The Bank of Japan on Tuesday held fire on expanding its vast stimulus programme, saying the world's number three economy was recovering despite taking a hit from April's sales tax rise.

TOKYO: The Bank of Japan on Tuesday held fire on expanding its vast stimulus programme, saying the world's number three economy was recovering despite taking a hit from April's sales tax rise.

However, policy-makers slightly lowered the economic growth forecast for the current fiscal year following a two-day meeting, and many economists are betting the central bank will have to unleash further measures before the end of 2014 to counter a slowdown.

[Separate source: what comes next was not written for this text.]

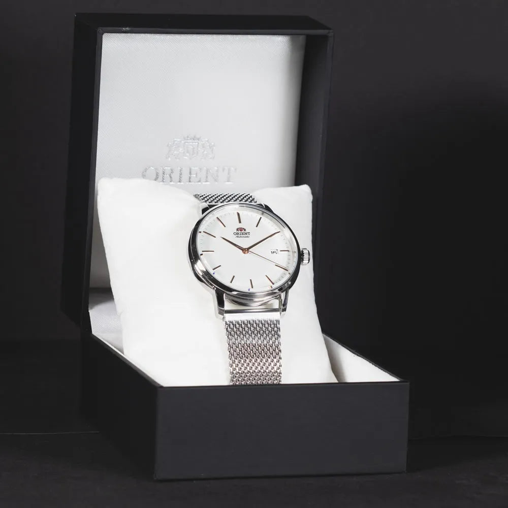 Découvrez la collection Contemporary d’ORIENT, une gamme qui allie élégance et fiabilité mécanique. Le modèle Stylish Maestro est conçu pour l’homme qui apprécie la précision et un design intemporel, adapté à toutes les occasions, du quotidien aux situations les plus formelles. Une montre qui conjugue style et fonctionnalité, reflétant le soin apporté à la fabrication et l’identité de la marque ORIENT. Le mouvement automatique ORIENT Calibre F6722, équipé de 22 rubis, offre une précision estimée à +25/-15 secondes par jour. Il supporte à la fois le remontage automatique et manuel et inclut la fonction stop-seconde (hacking), permettant un réglage précis de l’heure. Le fond transparent vissé permet d’admirer le mouvement en action, mettant en valeur le charme de la mécanique interne et l’attention aux détails qui caractérisent ce modèle. Le boîtier rond en acier inoxydable, d’un diamètre de 40 mm et d’une épaisseur de 12 mm, garantit des proportions équilibrées et une présence raffinée au poignet. La résistance à l’eau jusqu’à 100 mètres (WR 100mt) le rend adapté à un usage quotidien, même dans des situations dynamiques ou lors d’activités légères en milieu aquatique. Le verre minéral protège le cadran, offrant une bonne résistance aux rayures, tandis que la couronne à pression permet une utilisation pratique et immédiate. Le bracelet, d’une largeur de 20 mm et d’une longueur de 19 cm, s’adapte ergonomiquement au poignet, offrant un confort tout au long de la journée. La boucle déployante pliable avec bouton assure stabilité, praticité et sécurité, rendant le modèle adapté à un usage continu. Le modèle Stylish Maestro représente une parfaite synthèse entre sobriété et personnalité, idéal pour ceux qui désirent une montre automatique fiable et polyvalente, capable de s’intégrer à différents styles. C’est un choix de caractère pour l’homme qui recherche un équilibre entre design contemporain et mécanique traditionnelle. La montre est livrée dans son emballage d’origine ORIENT, accompagnée du manuel d’utilisation et d’une garantie internationale de 2 ans, témoignant de l’engagement de la marque envers la qualité, la durabilité et la satisfaction du client.

"The decline in consumer demand after the tax hike was largely within our expectations," BoJ governor Haruhiko Kuroda told reporters. "The impact is gradually moderating... and our view is that the Japanese economy has continued to recover."

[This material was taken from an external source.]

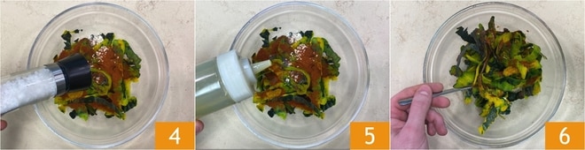 Fügen Sie auch das Salz 4 und das Öl 5 hinzu und mischen Sie gut 6.

The yen hardly moved on the BoJ's earlier announcement, with the dollar fetching 101.53 yen in late afternoon trading against 101.54 yen in New York on Monday afternoon. Many economists still believe the BoJ will expand its monetary base this year.

"It came as no surprise that the BoJ left policy settings unchanged today and presented upbeat inflation forecasts, but we still think more easing will be announced in October," said Marcel Thieliant from Capital Economics.

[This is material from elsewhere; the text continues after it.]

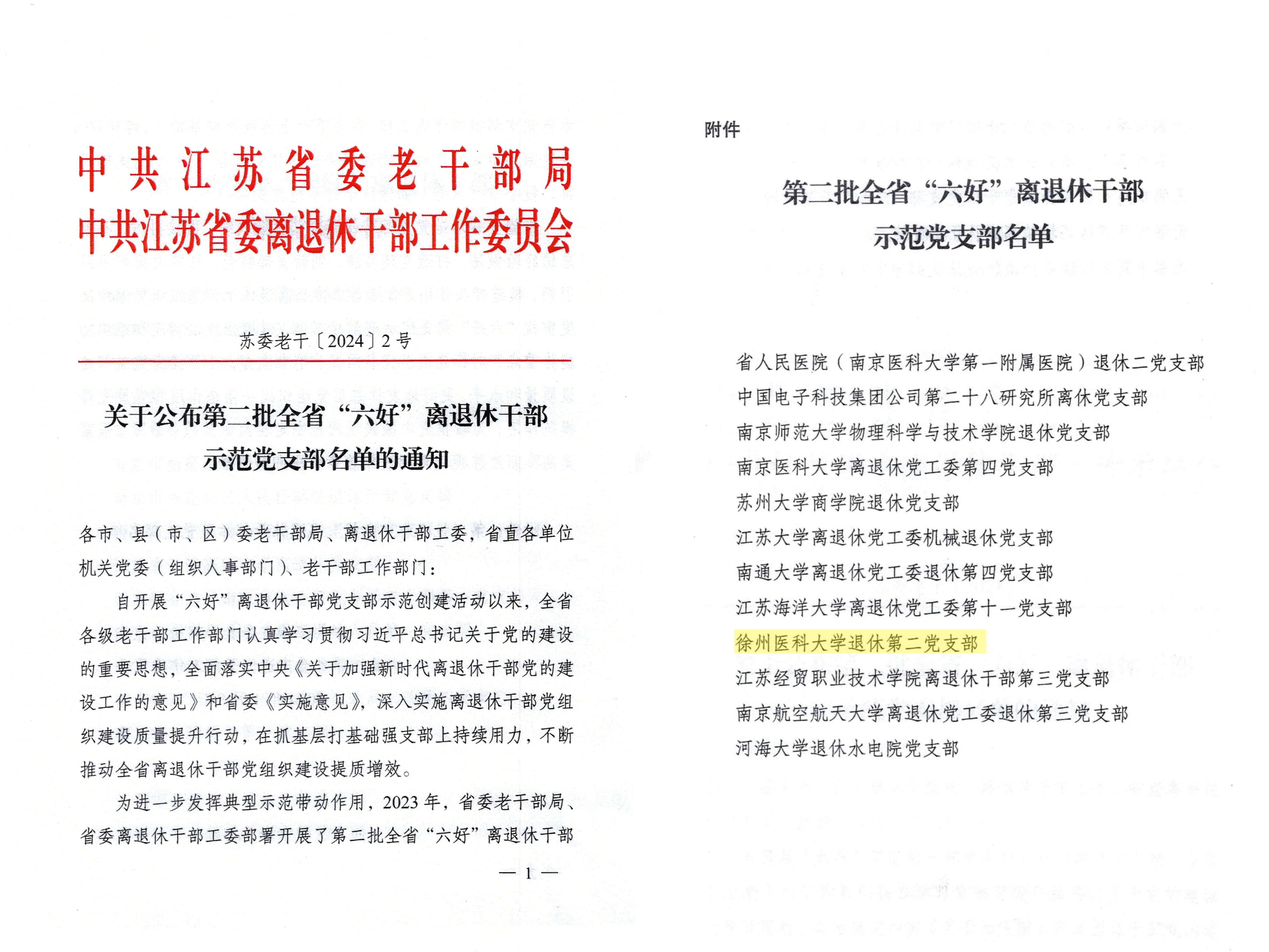 近日,省委老干部局、省委离退休干部工委公布第二批全省“六好”离退休干部示范党支部名单,我校退休第二党支部名列其中。

The median prediction for economic growth presented by board members was virtually unchanged and core inflation forecasts were broadly in line with the BoJ's 2.0-per cent inflation target both in fiscal 2015 and 2016, he noted. The bank slightly lowered its growth forecast for the current fiscal year to March to 1.0 per cent from a previous 1.1 per cent forecast. It had been predicting growth of 1.5 per cent in late 2013.

Thieliant said the BoJ's generally upbeat view "may assume an extension" of the current stimulus package, which was launched in April last year as part of Prime Minister Shinzo Abe's bid to kickstart the economy.

"It should not be surprising that policy-makers express confidence in their own strategy. What's more, recent comments by governor Kuroda revealed that the central bank is only 'half way there'" in beating years of deflation, Thieliant said. "The upshot is that further policy easing is still likely to be required, and we expect an extension... into 2015 to be announced at the late-October meeting."

Credit Suisse mirrored those predictions, saying in a research note: "We maintain our view that the bank will be forced to downgrade its economic and inflation forecast by October and we continue to expect the policy board to decide on additional easing during the October-December quarter."

The BoJ's April-June Tankan survey showed Japanese business confidence sagged for the first time in six quarters owing to the April 1 sales tax increase, which is hitting consumer demand.

The economy had been on the upswing as Abe's growth blitz, dubbed Abenomics, helped sharply weaken the yen, giving a lift to exporters' profitability and driving a stock market rally last year, but the tax rise -- seen as crucial to taming Japan's massive national debt -- threatened to derail those plans and stoked speculation the BoJ would be forced to act.